GIVEN INFORMATION: Begin

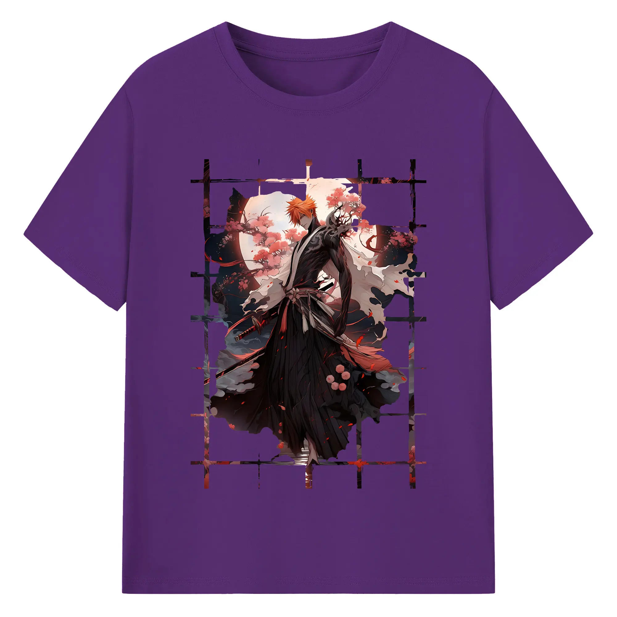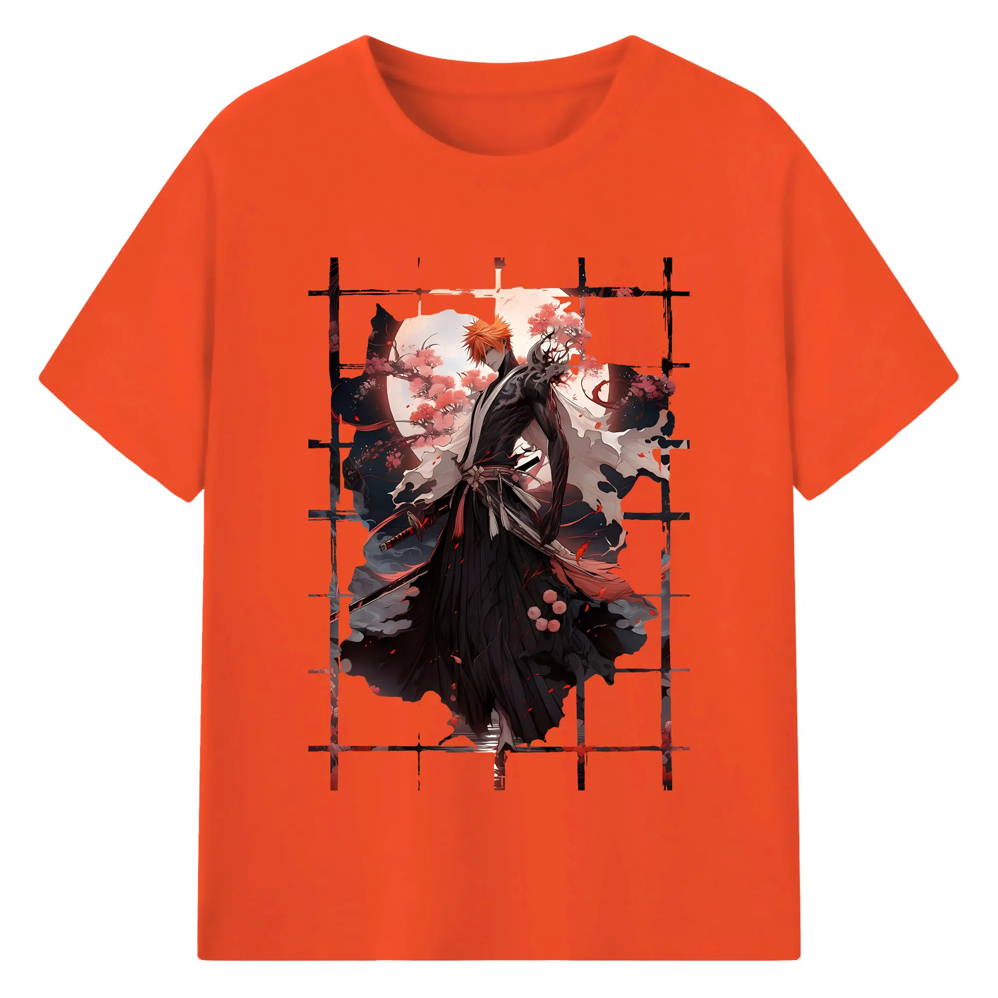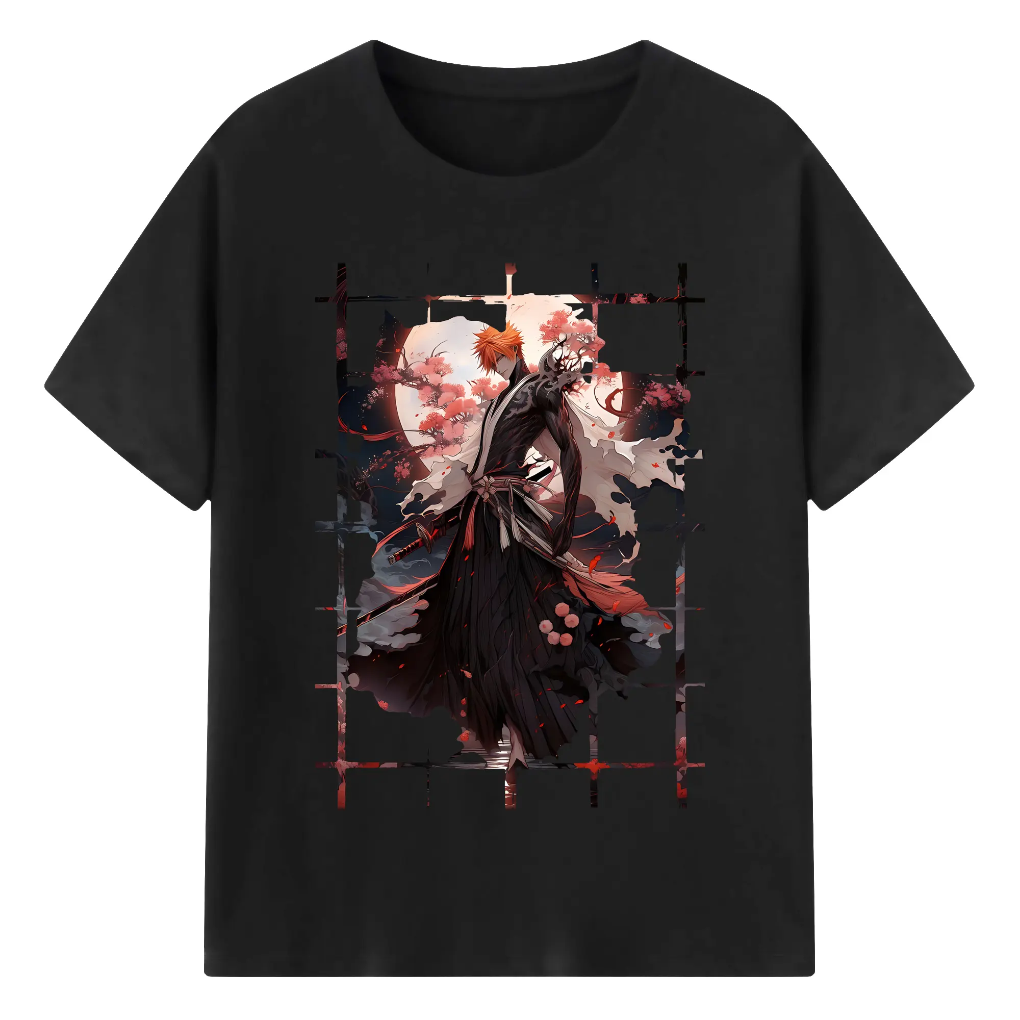 ブリーチ グッズ 黒崎 一護 - 綿100% 半袖Tシャツ ・ バックプリント ・ 快適 通気性 ・ 日常使い 散歩 スポーツ用
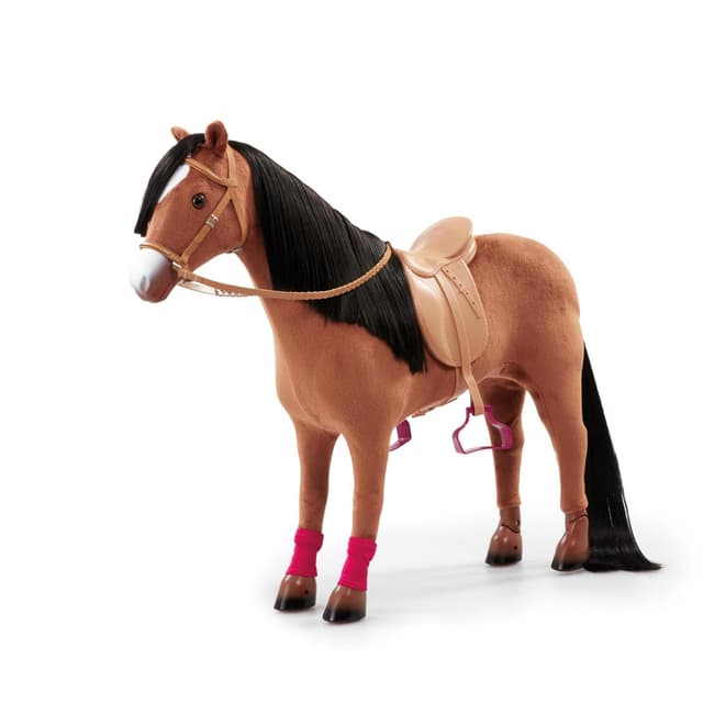 Bfriends er fine dukker med misunnelsesverdig hår du kan style som du vil. Og så er de venner alle sammen! Og nå er det en venn til i Bfriends-gjengen! De kan nemlig dra ut og ri nå. Hesten har en realistisk manke og hale som kan settes opp og friseres. Pelsen dens er kjempemyk! Hestens bein kan bevege seg, som gjør lekingen din mer realistisk. Settet inneholder også sal, tøyler, stigbøyler, støttesokker og et sertifikat. Hesten kan brukes av de fleste dukker på 46 cm. Egnet for barn fra 3 år.
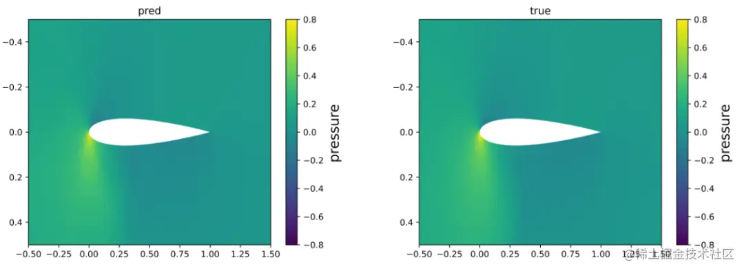 图4.2 攻角=8.0,马赫数=0.65下的机翼压力场的预测值与真实值对比图

GIVEN INFORMATION: End

**PROBLEM TO WORK ON:** In the copy, include no pictures; everything else in the material should be written out exactly.

**EXERCISE SOLUTION:**
 ブリーチ グッズ 黒崎 一護 - 綿100% 半袖Tシャツ ・ バックプリント ・ 快適 通気性 ・ 日常使い 散歩 スポーツ用
 Bfriends er fine dukker med misunnelsesverdig hår du kan style som du vil. Og så er de venner alle sammen! Og nå er det en venn til i Bfriends-gjengen! De kan nemlig dra ut og ri nå. Hesten har en realistisk manke og hale som kan settes opp og friseres. Pelsen dens er kjempemyk! Hestens bein kan bevege seg, som gjør lekingen din mer realistisk. Settet inneholder også sal, tøyler, stigbøyler, støttesokker og et sertifikat. Hesten kan brukes av de fleste dukker på 46 cm. Egnet for barn fra 3 år.
 图4.2 攻角=8.0,马赫数=0.65下的机翼压力场的预测值与真实值对比图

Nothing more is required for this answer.